Wow I am just so excited about how well baby has been doing! We had a little scare on Sept. 2nd when I had to be admitted to the hospital due to low fluid around the baby :( only 3.5 cm or something. I was on an IV all night and couln't eat or drink anything after midnight just in case we needed to do a cesarean... Steve was able to get off work early and be with me though so that made things much better :) I even got visitors! (Amanda, Jordon, & Ava - Grandma J. & Jeff - then mom & dad) it helped pass the time although I think some people were disappointed I got to go home the next day :)... oh well!

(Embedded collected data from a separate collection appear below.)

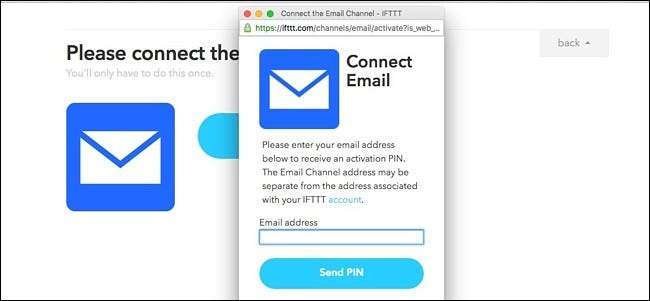 כדי לחבר את ערוץ הדוא"ל, הזן את כתובת הדוא"ל שלך והזן את ה- PIN שיישלח אליך בדוא"ל מ- IFTTT.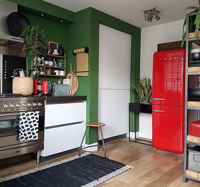 선명한 녹색 벽면에 톡톡 튀는 붉은 냉장고가 포인트가 된 주방입니다.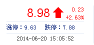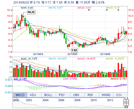 今开: 8.79 成交量: 15.95万手 振幅: 4.11% 最高: 9.02 成交额: 1.42亿元 换手率: 1.79% 最低: 8.66 总市值: 80.02亿 市净率: 2.99 昨收: 8.75 流通市值: 80...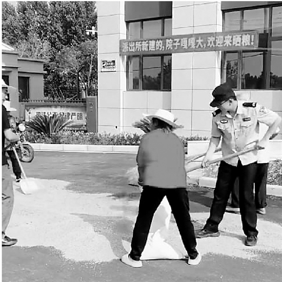 近日,湖北襄阳,随着麦子成熟,部分村民在省道晒起了麦子。出于安全考虑,当地派出所敞开大门,挂出横幅,邀请村民到院内打场晒粮。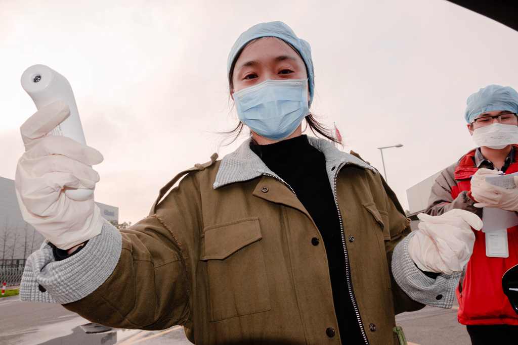 春寒料峭,冷風襲人,但全體志愿者的服務(wù)熱情不減,他們在互相保證日常生產(chǎn)工作有序進行的前提下接力奮戰(zhàn),自愿犧牲休息時間,每天“全副武裝”地為同事們測量體溫,并逐一填寫記錄。他們不畏艱難,沖鋒在前,迎著朝陽,送走落日,積極支持公司的疫情防控工作,筑牢“外防輸入、內(nèi)防擴散”防線。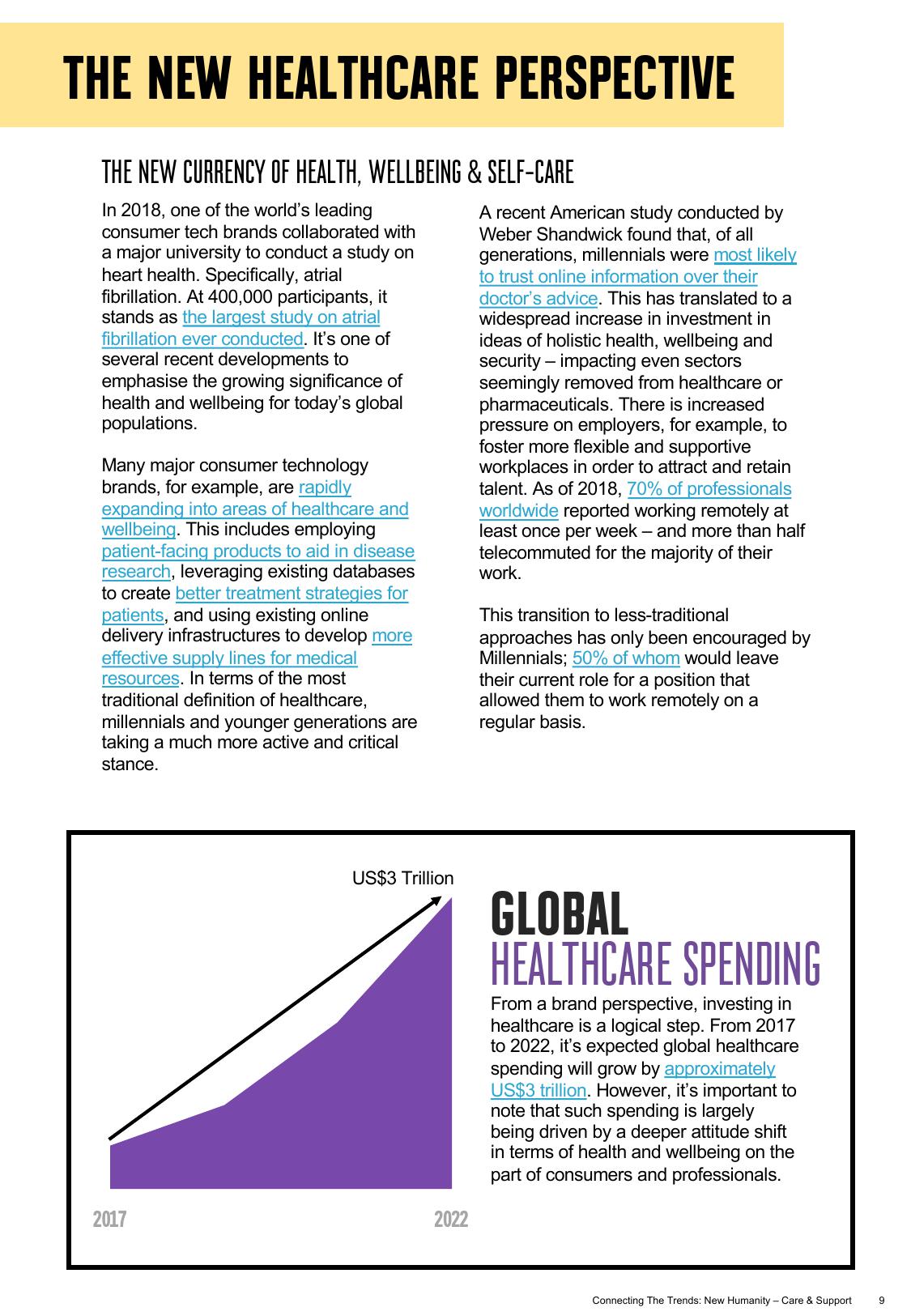 在2017年到2022年期间,全球医疗保健支出预计将增长约3万亿美元,消费者和专业人士对保健的态度发生了更深层次的转变。年轻一代在寻求医疗建议方面比长辈更加积极且具批判思维。万博宣伟近期在美国进行的一项研究表明,相比医生的建议,千禧一代更愿意相信网络信息,这有别于其他年龄层的人群。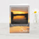 Grattis på födelsedagen Son, vackra, ljusa orangar soluppgång bakom översvämmat moln och mörk träd, med orange och lila flodreflektion. Texten säger: Grattis på födelsedagen till min underbara son. Inuti kortet är tomt.
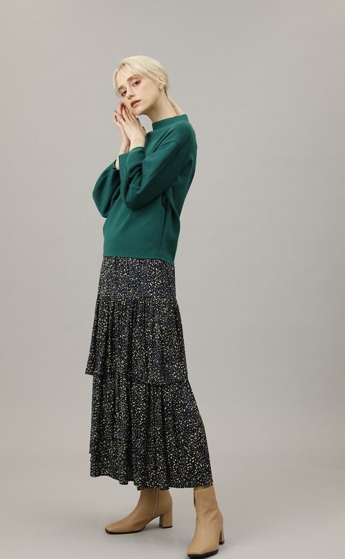 気分を明るくするポジティブカラー。グリーンニットとティアードスカートのスタイリング。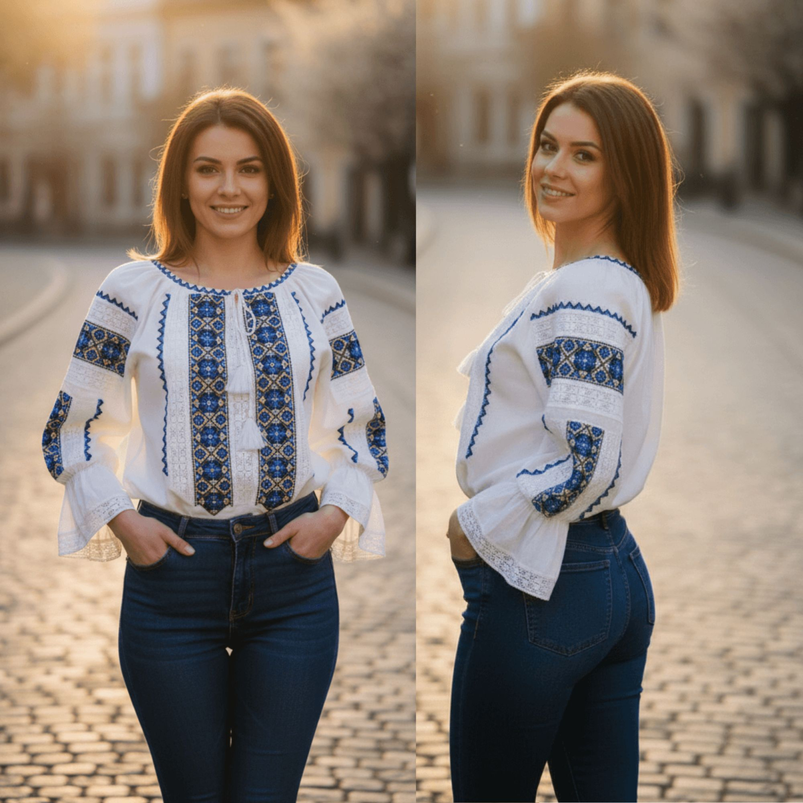 Ie stilizata traditionala romaneasca de culoare alb cu broderie alb cu motive insipirate din natura - floral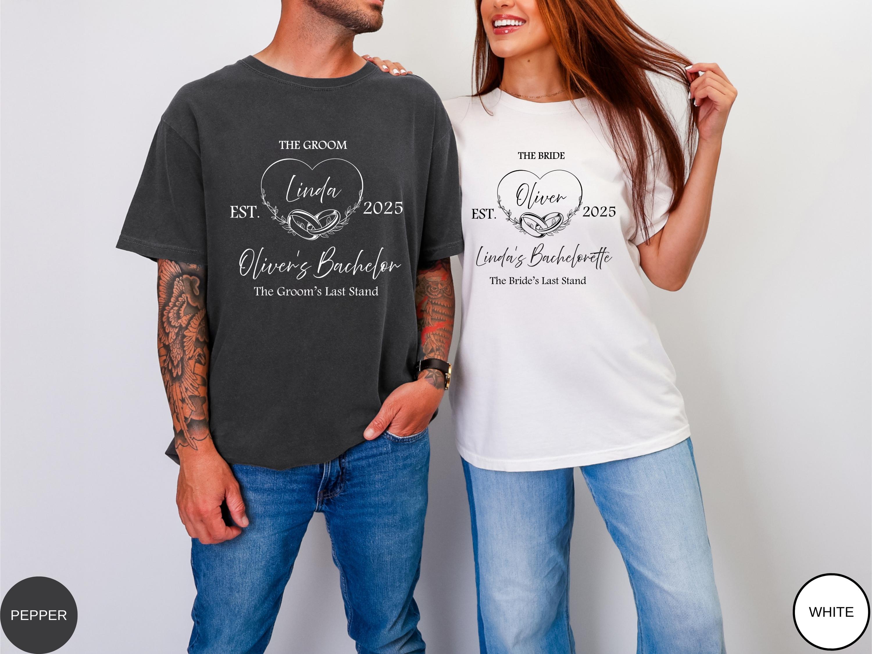 Celebrate love in style with these Comfort Colors Bride & Groom Shirts! Perfect for bachelor and bachelorette parties, weddings, anniversaries, or as a fun gift for couples. Personalized with names and dates, these matching tees make unforgettable keepsakes for every special occasion.
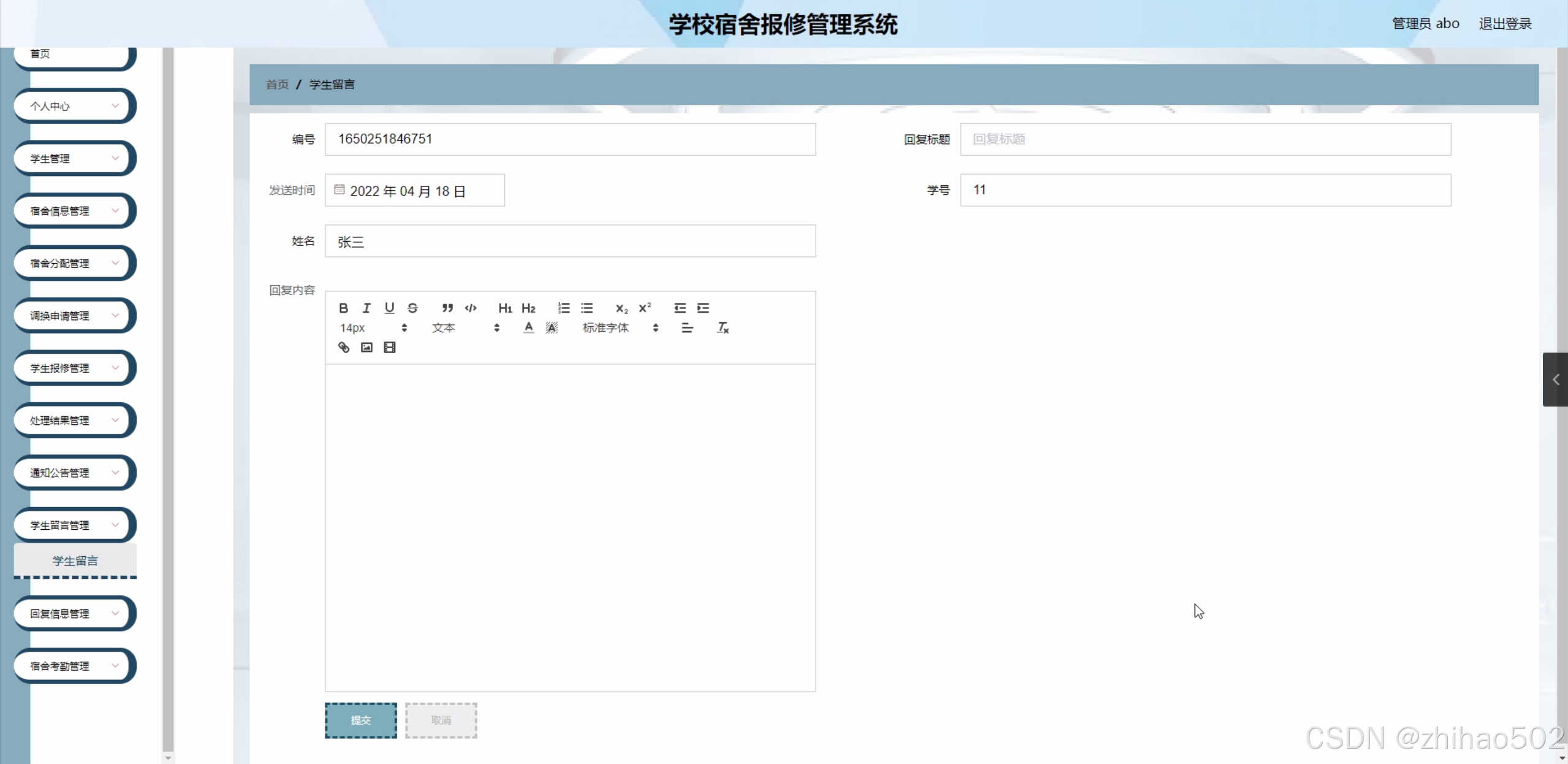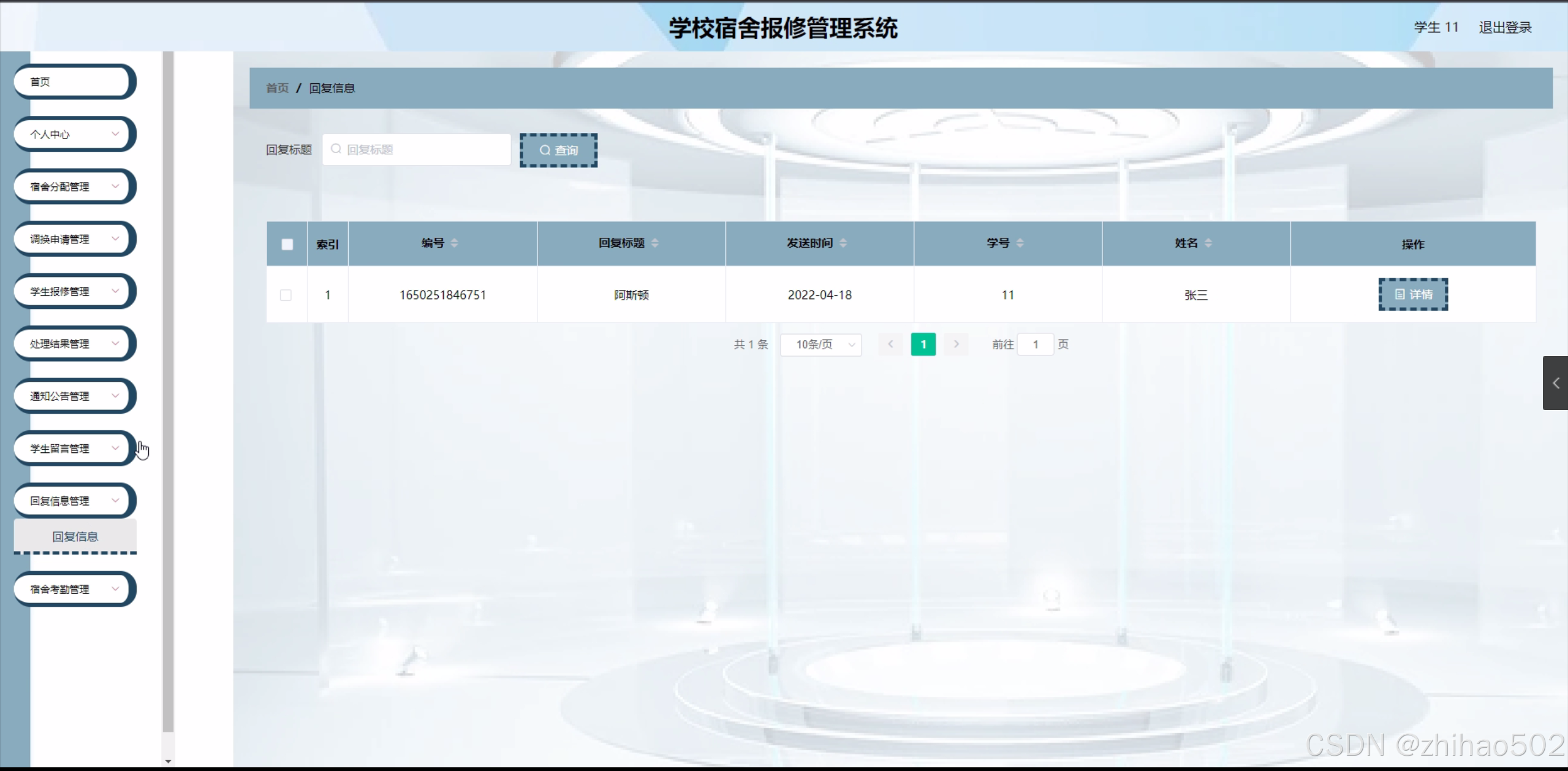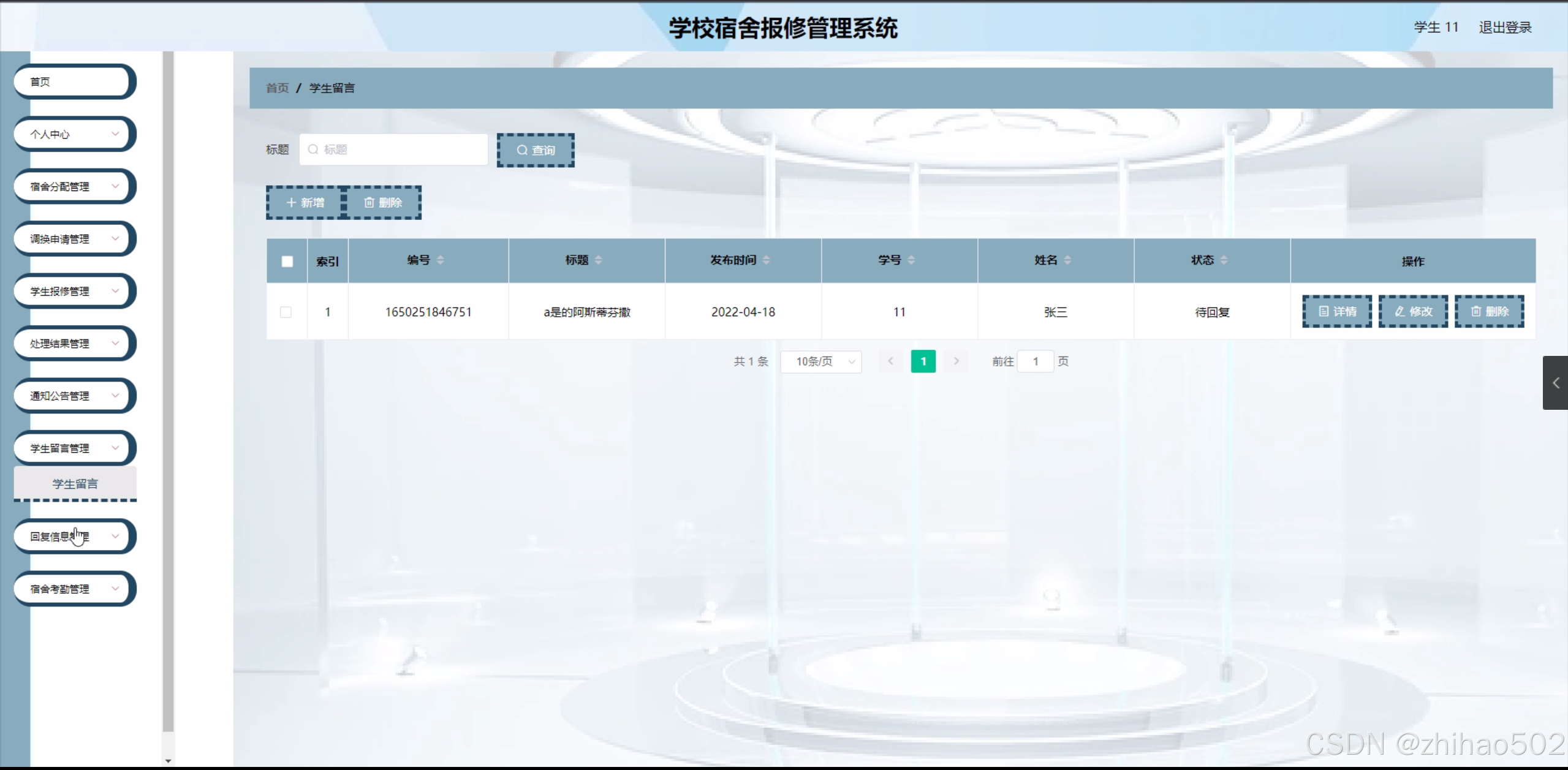 本研究将围绕学校宿舍报修管理系统的功能展开,具体包括:学生信息管理、宿舍分配与调换申请管理、学生报修管理、处理结果反馈、通知公告发布、学生留言与回复管理、宿舍信息管理以及宿舍考勤管理等。通过实现这些功能,构建一个集报修申请、处理、反馈于一体的综合性管理系统,提高宿舍报修管理的效率和透明度。同时,本研究还将关注系统的易用性和可扩展性,确保系统能够适应未来高校后勤管理的需求变化。

I've been on bedrest since then. I have to go to the Dr. & have ultrasounds twice a week & do non-stress testing twice a week. I guess its good we're nearing the end cuz that's a lot of driving! Only 1 week until we're considered FULL TERM!!! That's the most exciting part since we were told baby would probably be early, low birth-weight, etc... we know God answers prayers tho, He is so faithful : ) Preparing ourselves for baby - the baby room is definitely NOT done yet, but Steve finished the cradle & we made it to our baby shower so that's a couple steps in the right direction! We bought a car seat & have our hospital bag packed now since we were so caught off guard last week... guess we're ready for the real thing now!

Wednesday, September 1, 2010

34 weeks & nervous...

Had a rough afternoon a couple days ago. Was doing some reading on cesarean births and just reading through the details of it made me feel so anxious & concerned I actually started to cry. When Steve got home from work I was sitting on the couch staring at this book with tears streaming... of course he helped me through it, but I just really REALLY did not anticipate the likelihood of a cesarean. I've dreamed of having a baby & being a mother my whole life... surgery wasn't really part of that dream :( I know the health of baby is the most important thing... but the delivery IS still important to me. My greatest fear is probably that they won't allow me to hold our baby immediately after the birth because of some lame hospital protocal... I told Steve we had better bring our own kleenex along so my nose doesn't fall off... Still praying for baby to flip and the doctors to say I can deliver naturally! I have a Dr. appointment and an ultrasound tomorrow morning so we'll see how baby is presenting (please God...)

Tuesday, August 24, 2010

Words U Don't Want To Hear

I guess my ultrasound tech has been trying to get ahold of me since my last appointment. We were there August 10 & I asked her if we needed to schedule another appnt.... (since they made it sound like they wanted to keep an eye on things) & she said no. She even asked why my Dr. wanted me to have this appnt. in the first place... we were thoroughly confused because that appointment had been scheduled at our last one where they measured my cervix.

I explained this to one of her nurses today after being told that I actuall DO need to come in for another ultrasound... What??? Her reasoning was 'oh she just forgot that you had that uterine anomoly'.... she FORGOT?!?!? Wow.... Lord help me... :P Oh well, at least my 32 weeks pic is cute!